Hi, I have about a dozen mysql-compatible Aurora sources which I’d like to use with Dremio. These average ~1-3 TB each, and several hundred tables (of which 3-5 tables are > 100GB, and ~50 are > 500MB).
Problem is, adding each source takes far too long. As I write this, the load of one source has been running for 2 hours with no apparent sign of progress (on a Dremio instance on my laptop); due to this I haven’t been able to successfully load any of them into Dremio.
Hi Evan, are you referring to the Add Source dialog not completing or are you building a reflection?
Sorry for the question - you use the phrases “add source” and “load” and I just want to be clear about what is consuming time.

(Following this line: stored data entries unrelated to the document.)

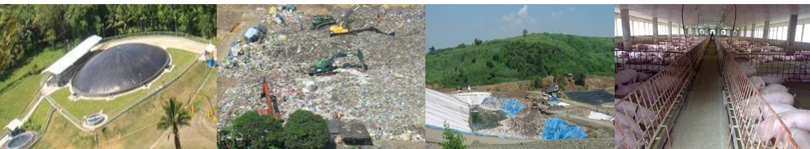
(L-R) Facilities of LANDBANK-assisted clients on board for climate change mitigation (from top): Biotech Farms; Asia Energysystems, Inc.; VGP Group, Inc.; and Marcela Farms.

1 carbon credit = 1 ton of methane or (CO 2 e)
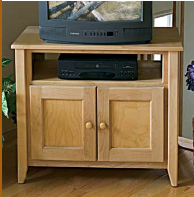
Shaker TV Cabinet WC_3D1903
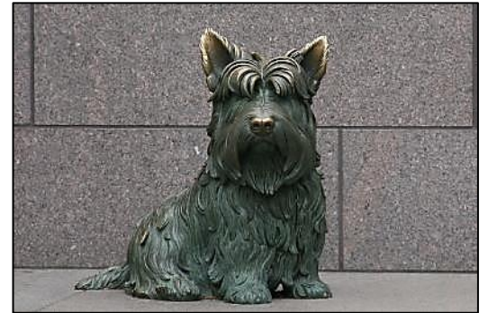
Fala - Washington, DC

Have you successfully connected to a small Aurora instance with just a few databases/tables? The reason I ask is that Aurora sources are not part of our regular testing and so there may be a basic issue in play here. We can take a closer look at this part of your scenario.
When setting up the initial connection it should be very quick, certainly not hours, so there’s definitely something going on.

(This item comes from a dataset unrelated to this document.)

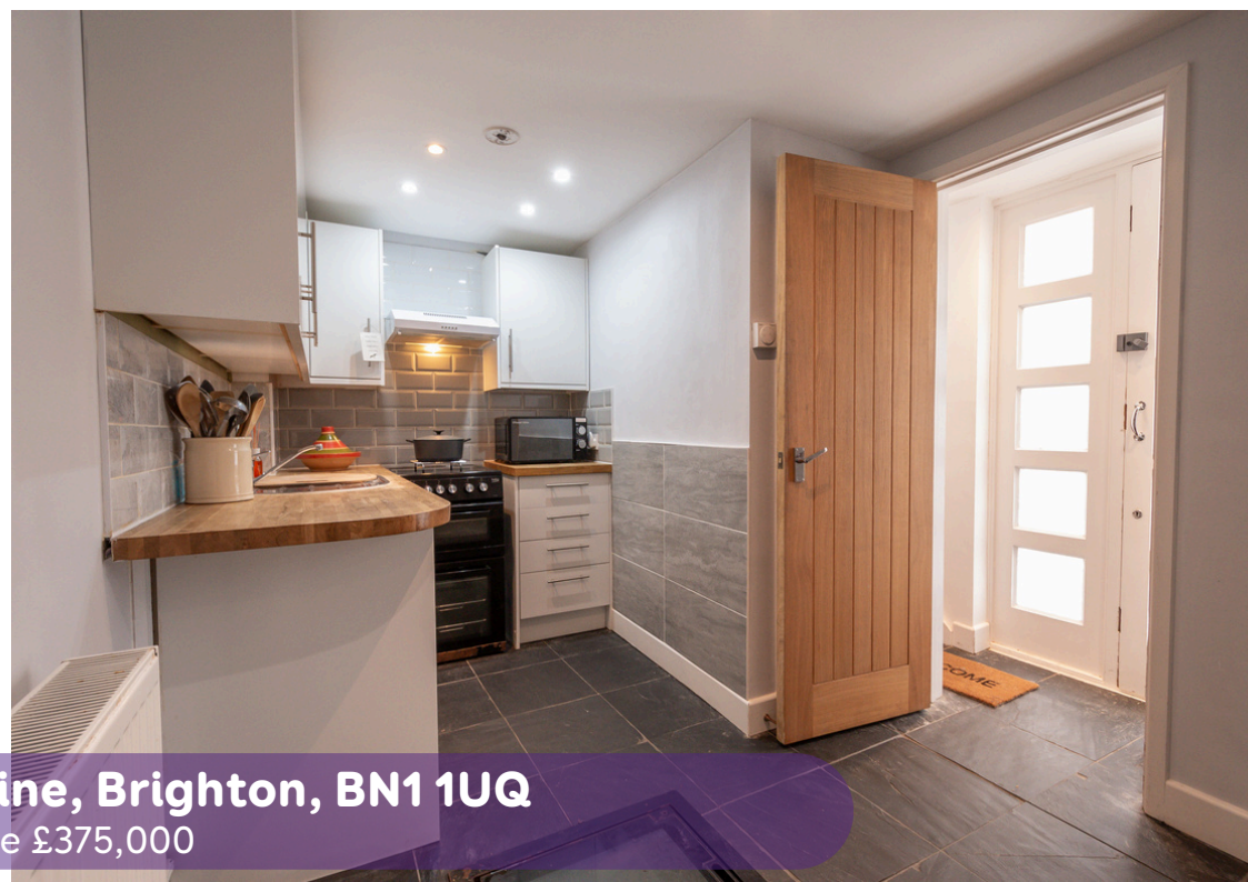
Orange Row, North Laine, Brighton, BN1 1UQ Asking Price £375,000

Thanks Kelly. This was from adding a source - the Add Source dialog was just spinning after clicking ‘save’. I’ll try spinning up a smaller Aurora instance to connect to and see how that goes.
Adding an Aurora mysql source with a single ~5MB, 50k row table (and ~100 small ‘information_schema’-like tables) completed successfully in just a few seconds, so the issue I was experiencing does appear to be related to the table sizes.

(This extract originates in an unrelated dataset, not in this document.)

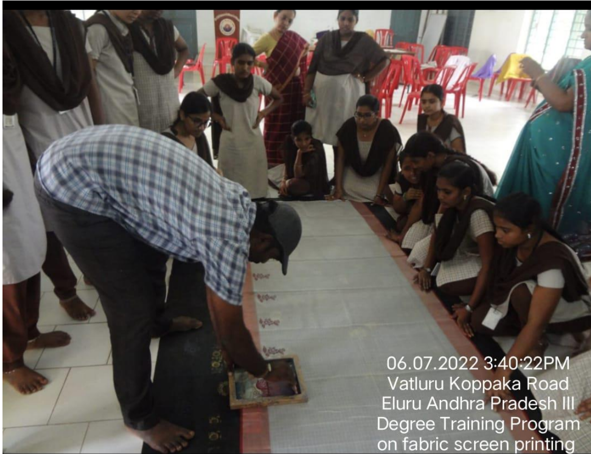
06.07.2022 3:40:22PM Vatluru Koppaka Road Eluru Andhra Pradesh III Degree Training Program on fabric screen printing

Aurora is a managed mysql-compatible db instance. Storage is an SSD-based virtualized storage layer, but clients only have access through standard DB connection methods.
I once again attempted to add the smallest Aurora source DB today(~700GB). I started it a minute or two before noon, and received the error ‘Unable to connect to source aurora_test’ at a little after 4pm. Logs showed no errors/activity between noon and when the exception was generated.
2018-01-11 11:45:08,849 [main] INFO com.dremio.dac.server.WebServer - Started on http://localhost:9047
2018-01-11 15:45:00,373 [scheduler-17] INFO c.d.s.a.AccelerationServiceImpl - removing acceleration 3bf085e3-21ed-4b34-8568-5a260cbd882e because dataset is removed
2018-01-11 16:11:28,789 [qtp685033452-193] INFO c.d.e.s.StoragePluginRegistryImpl - User Error Occurred [ErrorId: 0ad6961b-d824-4651-a794-1f4027e951dd]
com.dremio.common.exceptions.UserException: Unable to connect to source aurora_test
at com.dremio.common.exceptions.UserException$Builder.build(UserException.java:648) ~[dremio-common-1.3.1-201712020438070881-a7af5c8.jar:1.3.1-201712020438070881-a7af5c8]
at com.dremio.exec.store.StoragePluginRegistryImpl.create(StoragePluginRegistryImpl.java:439) [dremio-sabot-kernel-1.3.1-201712020438070881-a7af5c8.jar:1.3.1-201712020438070881-a7af5c8]
at com.dremio.exec.store.StoragePluginRegistryImpl.createOrUpdate(StoragePluginRegistryImpl.java:288) [dremio-sabot-kernel-1.3.1-201712020438070881-a7af5c8.jar:1.3.1-201712020438070881-a7af5c8]
at com.dremio.dac.service.source.SourceService.registerSourceWithRuntime(SourceService.java:124) [dremio-dac-backend-1.3.1-201712020438070881-a7af5c8.jar:1.3.1-201712020438070881-a7af5c8]
at com.dremio.dac.service.source.SourceService.registerSourceWithRuntime(SourceService.java:116) [dremio-dac-backend-1.3.1-201712020438070881-a7af5c8.jar:1.3.1-201712020438070881-a7af5c8]
at com.dremio.dac.resource.PutSourceResource.putSource(PutSourceResource.java:81) [dremio-dac-backend-1.3.1-201712020438070881-a7af5c8.jar:1.3.1-201712020438070881-a7af5c8]
at sun.reflect.NativeMethodAccessorImpl.invoke0(Native Method) ~[na:1.8.0_151]
at sun.reflect.NativeMethodAccessorImpl.invoke(Unknown Source) ~[na:1.8.0_151]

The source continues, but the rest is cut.